Steve Abrahamson, senior director of product security at GE Healthcare, spoke about cybersecurity at MD&M West 2019.MD+DI/Amanda Pedersen
Software is a weak link for medical devices, according to Stericycle Expert Solutions' second-quarter recall index. The report found software issues to be the top cause of medical device recalls for the 13th straight quarter .
"As we become increasingly reliant on AI and data collection, software becomes an even bigger vulnerability for patients, physicians, and wrongdoers," said Chris Harvey, director of recall solutions at Stericycle. "If the software that is used to operate a device is inadequate, how can we be sure that it is protected from cybersecurity vulnerabilities?
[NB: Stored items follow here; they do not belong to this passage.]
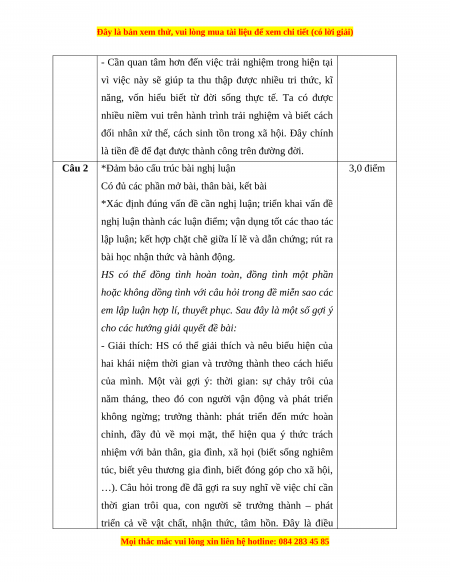 và trải nghiệm trong hiện tại. Một vài gợi ý: 1,0 điểm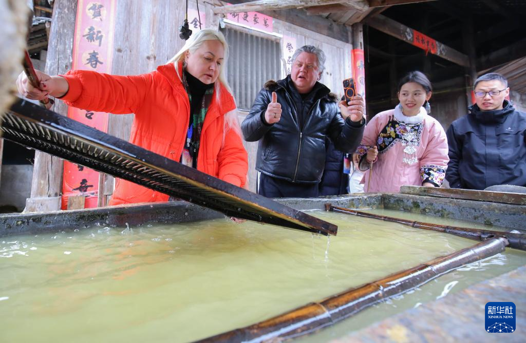 2月12日,在湖南省湘西土家族苗族自治州永順縣靈溪鎮(zhèn)洞坎村,游客體驗湘西手工抄紙。新華社發(fā)(曾勇 攝)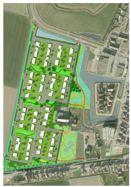 Aan de zuidoostzijde vormen een tweetal bestaande boerderijen en grote groen- en waterstructuren de overgang naar de bestaande woonbebouwing. Aan de noordwestzijde grenst de ontwikkeling aan agrarisch poldergebied, hoewel ook hier in de toekomst wellicht stedelijke ontwikkeling plaats zal vinden.

Add to that the fact that companies have only recently been laser-focused on mitigating cyber threats associated with medical devices. It's a recipe for disaster."
Cybersecurity Crime in Medtech – The Threat Is Real
As MD+DI recently reported, cybersecurity threats in medtech are really scary. In late June, FDA reported that due to cybersecurity vulnerabilities identified in Medtronic's MiniMed 508 and MiniMed Paradigm insulin pumps, a hacker could potentially connect wirelessly to a nearby device and change the pump's settings. This could allow a person to over-deliver insulin to the patient, leading to low blood sugar, or to stop insulin delivery, leading to high blood sugar and a buildup of acids in the blood. The MiniMed recall does not yet appear on FDA's list of 2019 medical device recalls and is therefore not included in the table above (there sometimes is a lag between the date that the manufacturer initiates a recall and when it appears on FDA's website).
To be clear, there have not been any confirmed reports of patient harm related to these risks, but it's scary to think about the possible fallout if a hacker were to take advantage of this vulnerability to intentionally blackmail or hurt a targeted individual who happens to use one of these devices.
Cybersecurity is one of the biggest issues keeping medtech manufacturers awake at night, according to a panelist at MD&M West 2019.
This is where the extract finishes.